→ **HOW TO COMPLETE THIS TASK**:
Give back the whole listing exactly as written, pictures excluded.
MATERIAL PROVIDED START
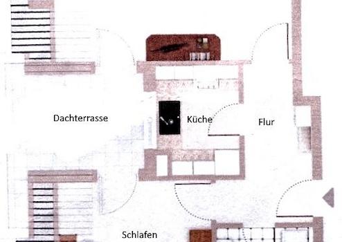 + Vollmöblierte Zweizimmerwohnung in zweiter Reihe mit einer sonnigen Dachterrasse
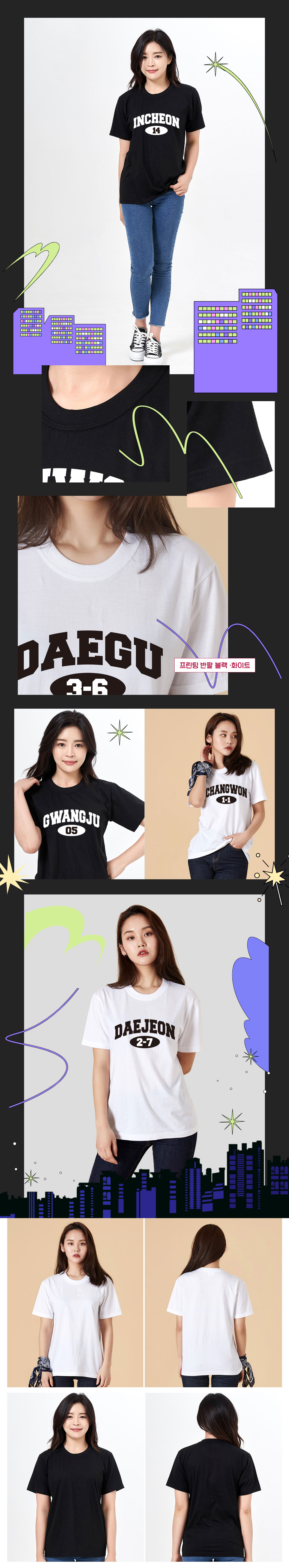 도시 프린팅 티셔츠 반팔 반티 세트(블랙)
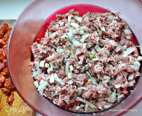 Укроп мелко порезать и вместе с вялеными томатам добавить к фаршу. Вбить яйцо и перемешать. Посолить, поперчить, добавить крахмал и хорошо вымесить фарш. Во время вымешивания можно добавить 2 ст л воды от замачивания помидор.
MATERIAL PROVIDED END
→ **EXERCISE ANSWER**:
 + Vollmöblierte Zweizimmerwohnung in zweiter Reihe mit einer sonnigen Dachterrasse
 도시 프린팅 티셔츠 반팔 반티 세트(블랙)
 Укроп мелко порезать и вместе с вялеными томатам добавить к фаршу. Вбить яйцо и перемешать. Посолить, поперчить, добавить крахмал и хорошо вымесить фарш. Во время вымешивания можно добавить 2 ст л воды от замачивания помидор.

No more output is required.